やはりしっくりこない。という事は、幼さはフレンズに必須の項目ではない。そういえば、ヒグマやキンシコウの様に子供っぽくなかったフレンズもいた。一体、ヒトに特有なものは何なのだろうか。

ヒトの成分を探しているはずが、どうやら検討違いのところに来てしまった。こういうときは振り出しに戻るべきだ。丁度いい具合に、一挙放送が始まるので、もう一度サバンナ地方から冒険を始めてみよう。

ニコ生「けものフレンズ」初の全話一挙放送 コメント数がアニメ史上ぶっちぎりの400万超えを達成 (ねとらぼ) - Yahoo!ニュース

 

フレンズとヒトと協力

物語を繰り返して気が付いたことがある。この物語は終始「協力」の物語であったということだ。

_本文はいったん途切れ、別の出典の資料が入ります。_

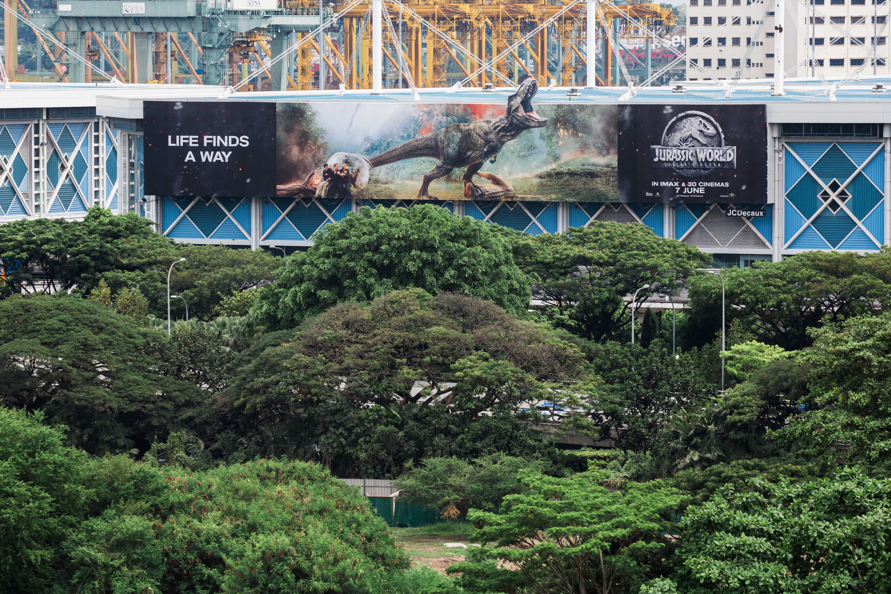 A larger-than-life two-dimensional die cut at 513 Keppel Road was built to promote United International Pictures’ advertising campaign for JURASSIC WORLD: FALLEN KINGDOM. The 8m by 60m outdoor large format billboard featured a dinosaur superimposed against a backdrop of tropical trees from the surroundings, resembling scenes from the movie in which dinosaurs emerge from the jungle into a modern-day setting.

1話ではカバが、2話ではカワウソとジャガーが、3話ではトキが、4話ではスナネコとツチノコが、5話ではビーバーとプレイリードックが、6話ではライオンやヘラジカ達、7話では博士ことアフリカオオコノハズクと助手のワシミミズク、8話ではペンギン達、9話ではキツネ達、10話ではオオカミとキリン、11話ではキンシコウやヒグマと、

 

そして、

 

そして最終話では全員が「協力」する話だ。

 

最終話、最大の見せ場はフレンズ大集合シーンだ。巨大セルリアンに対し、それまで登場したフレンズが総出演し、その撃退にあたる。結果、囚われのカバンちゃんを救い出す。そして、ここにこそ「人間とは何か」のヒントがあった。つまり、肉体的には強くないヒトが、いかにして地球の覇者になったのか?そしてその力の源泉は、容姿でも、言語でも、知能でもなく、ヒトが「協力」できることに起因する。

 

ヒトの特殊能力

こんなことを言うと「他の動物だって協力してるわ」と思うかもしれない。確かにそうだ、ライオンは群れで狩りを行い、ヌーだってお猿だって群れを形成する。しかし、決定的に違う要因がる、それは協力できる仲間の数である。

 

平均的なホモ・サピエンスと他の哺乳類が闘ってみよう、別にサバイバルでもいい。先述した通りホモ・サピエンスの肉体的は強くない。そんな勝負をすれば大方負けてしまう。遺伝的に近いとされているチンパンジーにさえ勝てないだろう、彼らはホモ・サピエンスから見れば握力300kgの猛獣だ。 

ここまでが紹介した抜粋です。